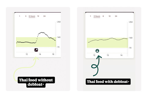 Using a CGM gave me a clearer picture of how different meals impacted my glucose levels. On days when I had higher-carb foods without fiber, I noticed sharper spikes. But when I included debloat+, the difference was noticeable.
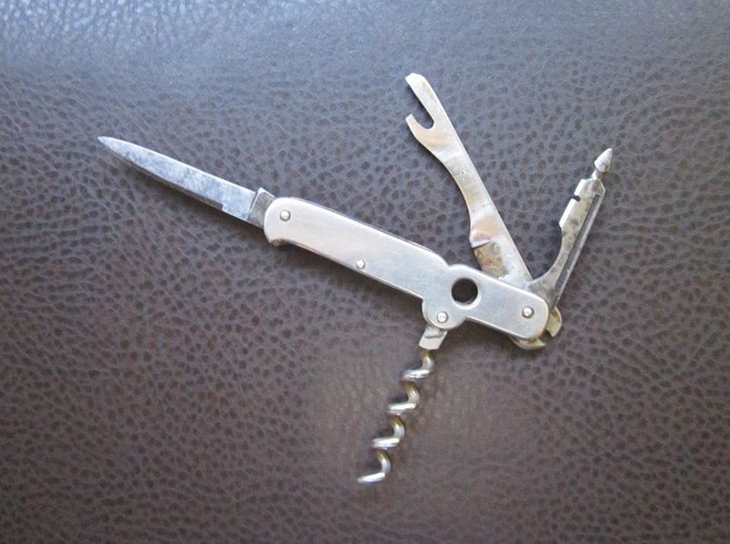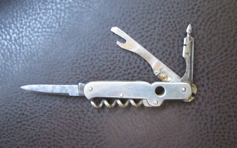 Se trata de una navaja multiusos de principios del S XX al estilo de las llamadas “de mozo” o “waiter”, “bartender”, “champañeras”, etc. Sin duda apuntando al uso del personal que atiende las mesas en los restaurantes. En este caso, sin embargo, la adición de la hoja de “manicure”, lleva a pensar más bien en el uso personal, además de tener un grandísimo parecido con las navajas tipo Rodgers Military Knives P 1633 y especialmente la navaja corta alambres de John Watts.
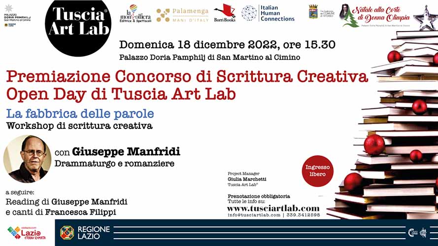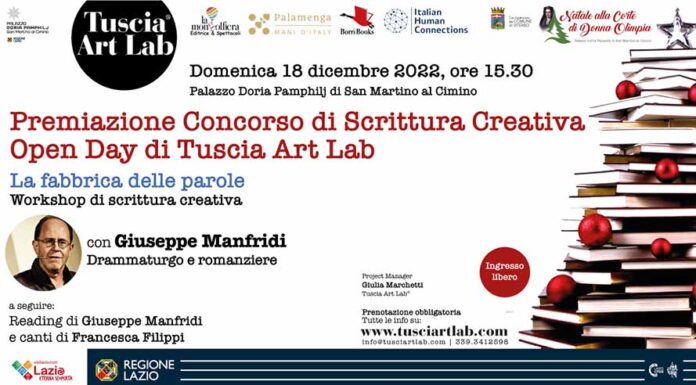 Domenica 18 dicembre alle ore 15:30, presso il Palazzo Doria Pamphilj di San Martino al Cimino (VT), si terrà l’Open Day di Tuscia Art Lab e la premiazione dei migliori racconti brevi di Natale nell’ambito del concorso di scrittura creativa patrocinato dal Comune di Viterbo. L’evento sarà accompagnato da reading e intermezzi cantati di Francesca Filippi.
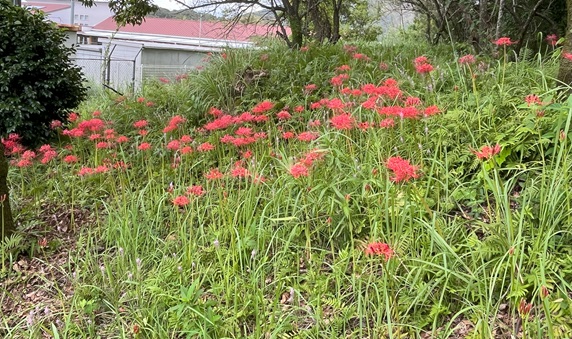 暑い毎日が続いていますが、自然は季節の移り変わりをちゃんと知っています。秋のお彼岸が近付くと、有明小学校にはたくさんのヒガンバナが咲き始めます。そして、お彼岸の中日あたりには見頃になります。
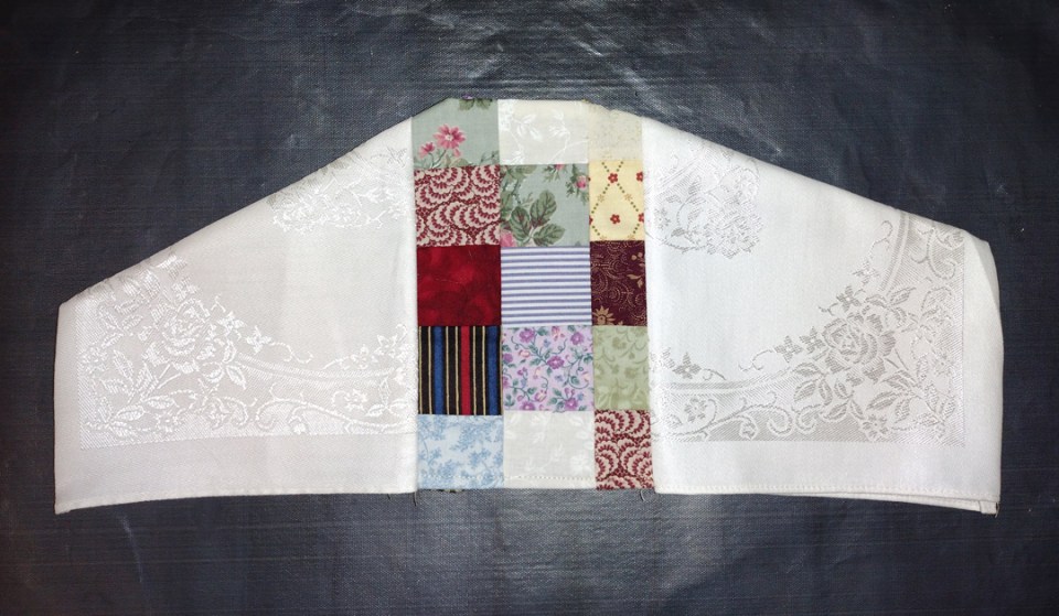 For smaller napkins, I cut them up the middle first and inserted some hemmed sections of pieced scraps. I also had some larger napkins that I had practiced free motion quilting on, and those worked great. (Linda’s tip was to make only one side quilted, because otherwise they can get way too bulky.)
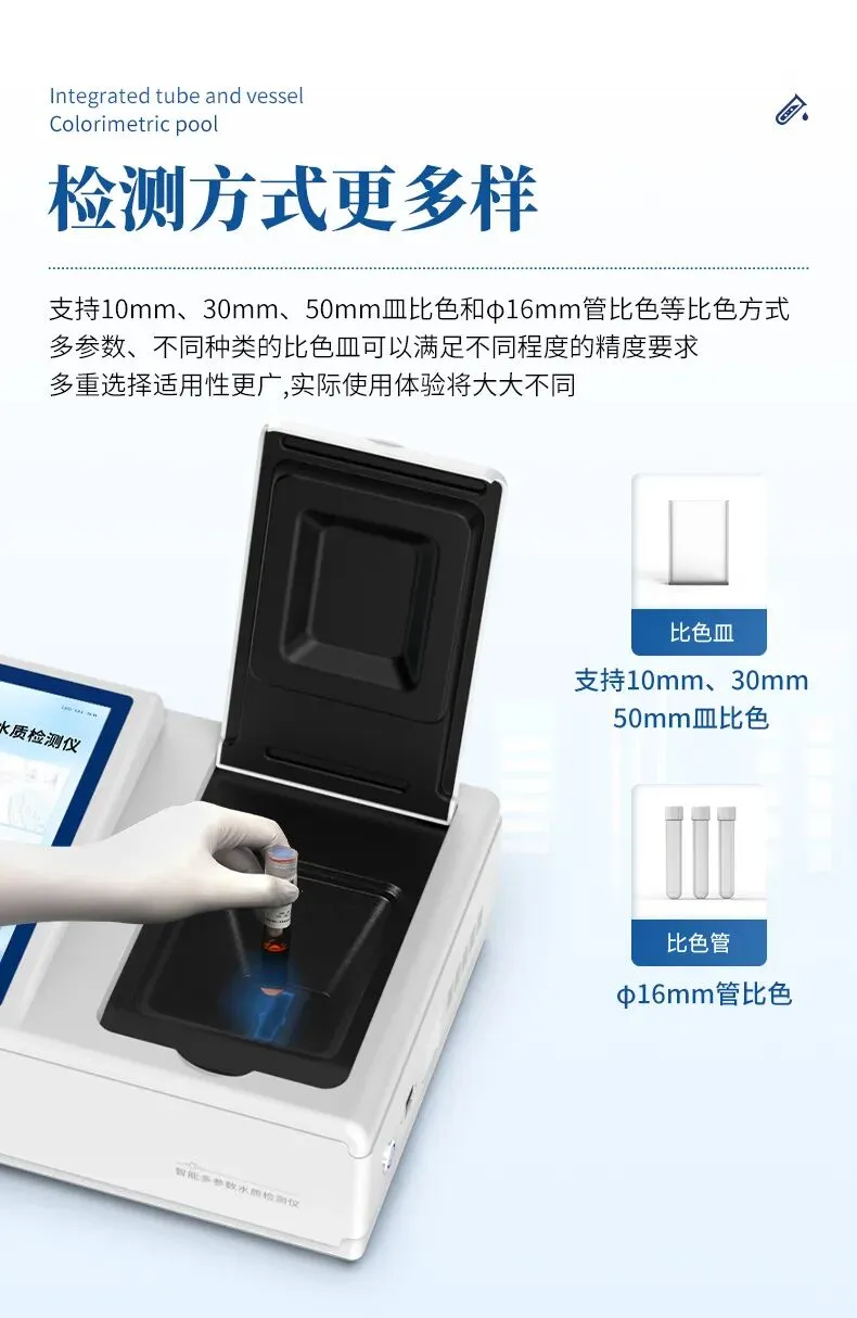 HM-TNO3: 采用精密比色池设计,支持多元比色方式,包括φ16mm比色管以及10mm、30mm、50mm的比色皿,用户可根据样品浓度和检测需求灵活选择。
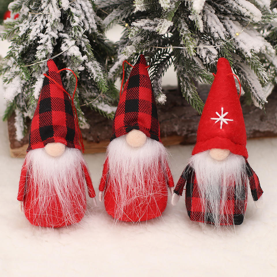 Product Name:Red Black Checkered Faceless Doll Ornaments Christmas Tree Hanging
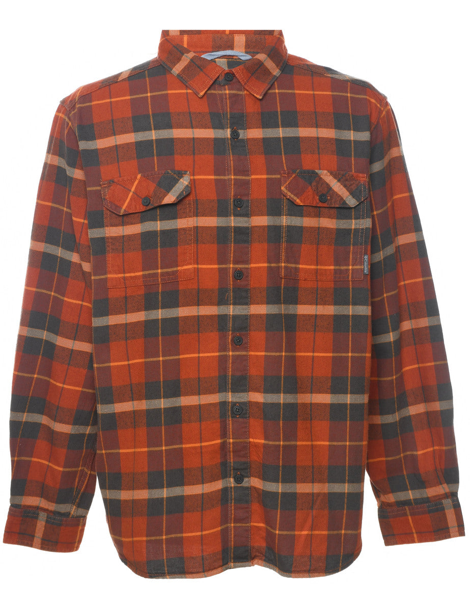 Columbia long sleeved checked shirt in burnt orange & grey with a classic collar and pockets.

==

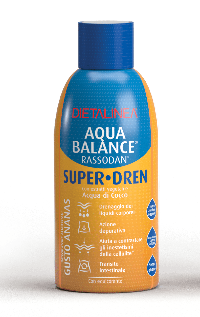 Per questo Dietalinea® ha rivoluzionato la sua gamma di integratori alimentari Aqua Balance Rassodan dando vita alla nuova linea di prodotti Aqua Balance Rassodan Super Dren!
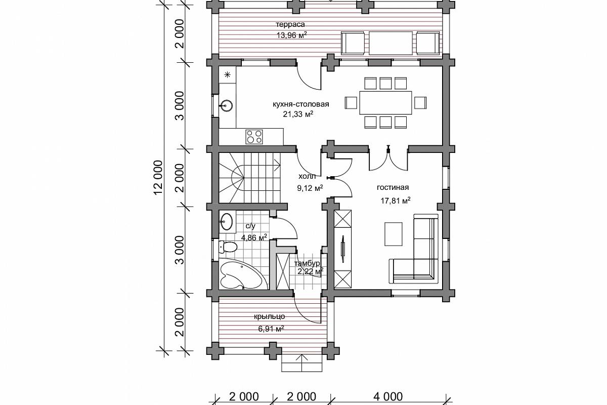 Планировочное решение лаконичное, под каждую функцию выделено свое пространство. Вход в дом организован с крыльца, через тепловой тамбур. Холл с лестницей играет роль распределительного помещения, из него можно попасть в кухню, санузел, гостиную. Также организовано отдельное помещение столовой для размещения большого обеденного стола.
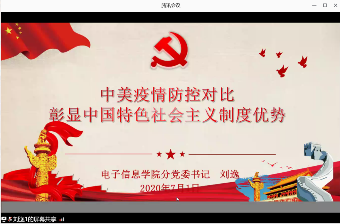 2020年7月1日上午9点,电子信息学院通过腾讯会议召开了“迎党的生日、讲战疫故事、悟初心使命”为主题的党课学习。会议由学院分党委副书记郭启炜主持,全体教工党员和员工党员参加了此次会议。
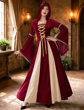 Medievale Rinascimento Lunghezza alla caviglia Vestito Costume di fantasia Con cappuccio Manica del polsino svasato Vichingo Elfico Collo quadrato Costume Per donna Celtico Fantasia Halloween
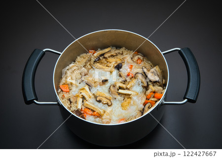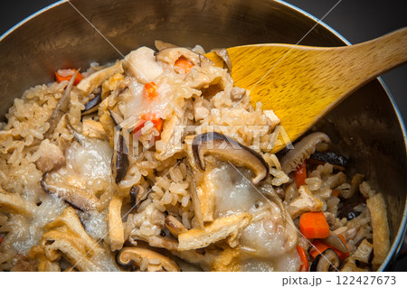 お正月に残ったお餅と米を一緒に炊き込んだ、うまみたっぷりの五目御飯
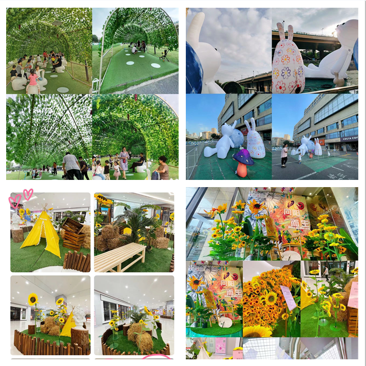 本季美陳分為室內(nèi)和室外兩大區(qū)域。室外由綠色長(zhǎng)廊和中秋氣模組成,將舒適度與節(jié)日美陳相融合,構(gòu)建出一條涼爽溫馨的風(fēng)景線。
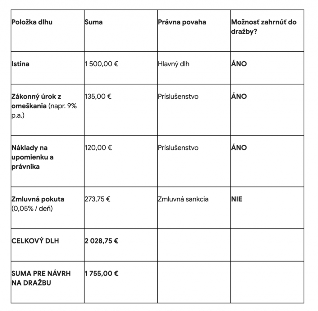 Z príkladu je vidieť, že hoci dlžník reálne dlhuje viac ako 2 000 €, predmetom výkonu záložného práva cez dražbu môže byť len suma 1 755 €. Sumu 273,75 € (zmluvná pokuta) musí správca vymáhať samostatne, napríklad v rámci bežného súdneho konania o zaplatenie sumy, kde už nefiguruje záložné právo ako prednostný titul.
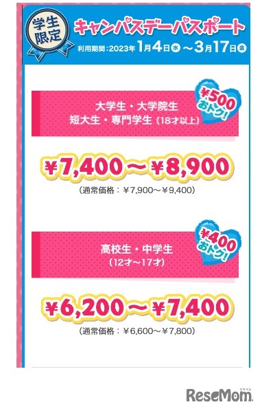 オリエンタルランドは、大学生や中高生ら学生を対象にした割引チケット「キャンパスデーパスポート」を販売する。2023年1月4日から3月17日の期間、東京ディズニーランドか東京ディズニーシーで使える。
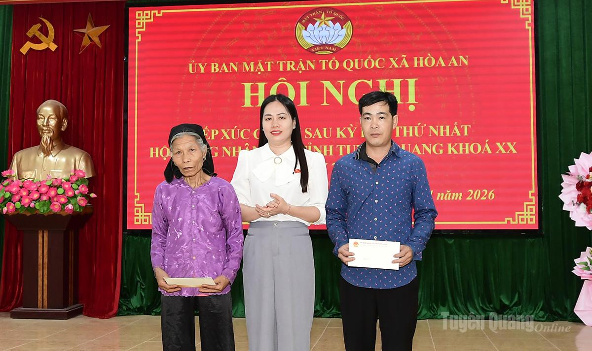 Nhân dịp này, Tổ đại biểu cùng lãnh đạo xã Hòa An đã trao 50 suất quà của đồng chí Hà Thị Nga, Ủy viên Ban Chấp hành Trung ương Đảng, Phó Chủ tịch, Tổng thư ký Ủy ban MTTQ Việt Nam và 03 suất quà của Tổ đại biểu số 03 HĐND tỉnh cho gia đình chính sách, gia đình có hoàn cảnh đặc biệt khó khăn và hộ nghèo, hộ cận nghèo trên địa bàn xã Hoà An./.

- _Prompt_
Within the entries above, the lines from the one containing "Using a CGM" through the one containing "For smaller napkins, I" are to be transcribed exactly, ends included, pictures excluded.

- _Expected answer_
 Using a CGM gave me a clearer picture of how different meals impacted my glucose levels. On days when I had higher-carb foods without fiber, I noticed sharper spikes. But when I included debloat+, the difference was noticeable.
 Se trata de una navaja multiusos de principios del S XX al estilo de las llamadas “de mozo” o “waiter”, “bartender”, “champañeras”, etc. Sin duda apuntando al uso del personal que atiende las mesas en los restaurantes. En este caso, sin embargo, la adición de la hoja de “manicure”, lleva a pensar más bien en el uso personal, además de tener un grandísimo parecido con las navajas tipo Rodgers Military Knives P 1633 y especialmente la navaja corta alambres de John Watts.
 Domenica 18 dicembre alle ore 15:30, presso il Palazzo Doria Pamphilj di San Martino al Cimino (VT), si terrà l’Open Day di Tuscia Art Lab e la premiazione dei migliori racconti brevi di Natale nell’ambito del concorso di scrittura creativa patrocinato dal Comune di Viterbo. L’evento sarà accompagnato da reading e intermezzi cantati di Francesca Filippi.
 暑い毎日が続いていますが、自然は季節の移り変わりをちゃんと知っています。秋のお彼岸が近付くと、有明小学校にはたくさんのヒガンバナが咲き始めます。そして、お彼岸の中日あたりには見頃になります。
 For smaller napkins, I cut them up the middle first and inserted some hemmed sections of pieced scraps. I also had some larger napkins that I had practiced free motion quilting on, and those worked great. (Linda’s tip was to make only one side quilted, because otherwise they can get way too bulky.)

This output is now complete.